Je me souviens encore de la joie que m’avait procurée la lecture du premier livre que je lus sur l’Iliade et l’Odyssée, Le Monde d’Homère, de Pierre Vidal-Naquet. En couverture, un détail du cratère d’Euphronios, vase du VIe siècle avant J.-C, représentant Hypnos et Thanatos s’emparant du corps de Sarpédon. L’approche du livre était historique et géographique, et je rêvais grâce à Vidal- Naquet de voir un jour l’édition princeps (première édition en grec) d’Homère, imprimée à Florence en 1488. A cette date, les caractères imprimés imitaient l’écriture des manuscrits ce qui en faisait une oeuvre d’art. Je n’en rêvais pas moins de voir l’édition suivante publiée quelques années plus tard à Venise- centre du commerce européen où une importante communauté grecque vivait- et qui connut un succès relativement important du fait de son format « poche », et donc d’un prix réduit (un ducat et trois livres). On dit alors que c’est cette édition qui permit de diffuser à travers l’Europe les mythes homériques.

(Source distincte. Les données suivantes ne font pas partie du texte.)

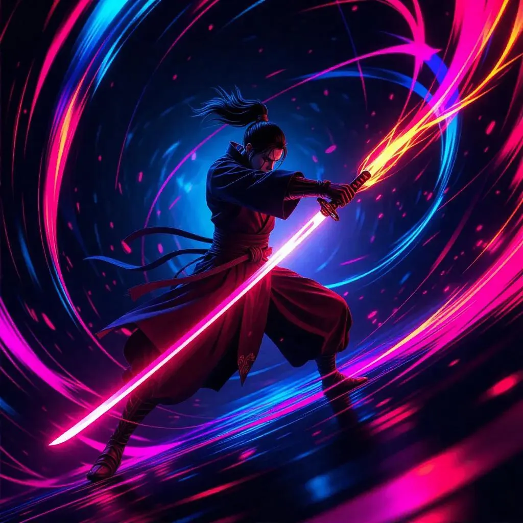 Experience AI-generated fantasy art of a dynamic swordsman wielding a glowing sword that rips reality, unleashing vibrant surreal energy. Anime meets hyper-realistic textures in this high-contrast scene with swirling dimensions. Elevate your creative projects with AI-powered visuals blending motion, intensity, and supernatural detail.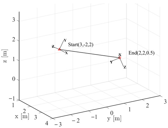 There are two main types of trajectory planning for manipulators; one is trajectory planning in joint space and the other is trajectory planning in Cartesian space [27]. Given that trajectory planning in joint space is not capable of high-precision work, this paper performs trajectory planning of Cartesian space for the manipulator, and then uses the kinematic model in Section 2 to obtain the corresponding joint-space trajectory.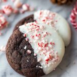 Delight in festive Dark Chocolate Candy Cane Cookies featuring rich cocoa and a peppermint twist, finished with a coating of melted white chocolate and crushed candy canes for a perfect holiday treat.

Plus tard, je croisais des figures majeures et iconoclastes du monde homérique. Victor Bérard, bien sûr, grand traducteur de l’Odyssée, qui reconstituait étape par étape, le voyage d’Ulysse sur son bateau (ses indications géographiques sont aujourd’hui problématiques, mais peu importe à celui qui aime la littérature). Plus récemment, en 2011, grâce à l’exigeante collection Texto dirigé par Jean-Claude Zylberstein, je tombais sur le livre d’Heinrich Schliemann, La Fabuleuse Découverte des ruines de Troie. Son rôle de découvreur est controversé même si tous s’accordent à dire que ce pionnier de l’archéologie, à sa manière, a ouvert les recherches ultérieures sur la civilisation mycénienne. Mais imaginez : à l’époque, vers 1870, fort de son idée qu’Homère décrit dans l’Iliade une réalité historique, il entreprend des fouilles dans les ruines de Mycènes, d’Orchomène, de Tirynthe et d’Ithaque. Il prétend avoir trouvé le masque d’or d’Agamemnon, le trésor de Priam et les bijoux d’Hélène. Plus récemment, j’ai découvert un livre méconnu à tort, celui de Felix Buffière, prêtre et helléniste, Les Mythes d’Homère et la Pensée grecque, paru aux Belles Lettres, en 1956. On y découvre, entre autres perles, ce chapitre « La bataille autour d’Homère », où Buffière rappelle comment l’adultère d’Arès et Aphrodite scandalisa un certain Platon ; tout comme le mariage de Zeus avec sa propre soeur, Héra. Homère était lu comme une bible par tous les jeunes élèves, et selon Platon et quelques autres, c’était une hérésie de faire étudier ce texte immoral et approximatif sur un certain nombre de sujets, où l’on croisait des héros en larmes, des dieux fornicateurs et manipulateurs. Epicure et bien d’autres s’en prirent à ce texte qui manquait de morale, jusqu’à Zoïle d’Amphipolis qui écrivit pas moins de neuf livres contre Homère. Les défenseurs, nombreux, eurent beau expliquer que les deux poèmes étaient allégoriques, les rageurs continuèrent de rager.
Hier soir, seul chez moi, j’ai revu une énième fois Les Ailes du désir. Et j’avais absolument oublié que dans la plus belle scène de l’histoire du cinéma, celle de la bibliothèque de Berlin (la Neue Staatsbibliothek), le vieil écrivain élégant qui monte avec difficulté l’escalier et qui rêve d’une « épopée de la paix » contemporaine (le monologue est de Peter Handke), qui ferait suite à l’Iliade, épopée guerrière, n’est autre qu’Homère. Il y a des hasards incroyables.
Quel ne fut pas donc mon plaisir quand je reçus les épreuves du dernier livre de Daniel Mendelsohn, Une odyssée, un père, un fils, une épopée. Tout ce monde homérique me revint à l’esprit. Comme à son habitude, Mendelsohn tisse des liens entre un texte fondateur et sa vie intime. Pour Les Disparus, où l’auteur partait dans une recherche généalogique familiale, il entrecoupait le récit de sa famille juive de textes sacrés, des commentaires de la Bible tels les midrashim. Il emploie la même méthode rigoureuse pour dessiner le portrait de son père, à travers un questionnement sur l’Odyssée. Connait-on jamais vraiment ses parents ? Qu’est ce qu’une relation père/fils ? se demande Homère, puis Mendelsohn des millénaires plus tard.
C’est la troisième fois que Daniel Mendelsohn fait la couverture de Transfuge , et nous en sommes fiers. Il est un des grands écrivains américains vivants.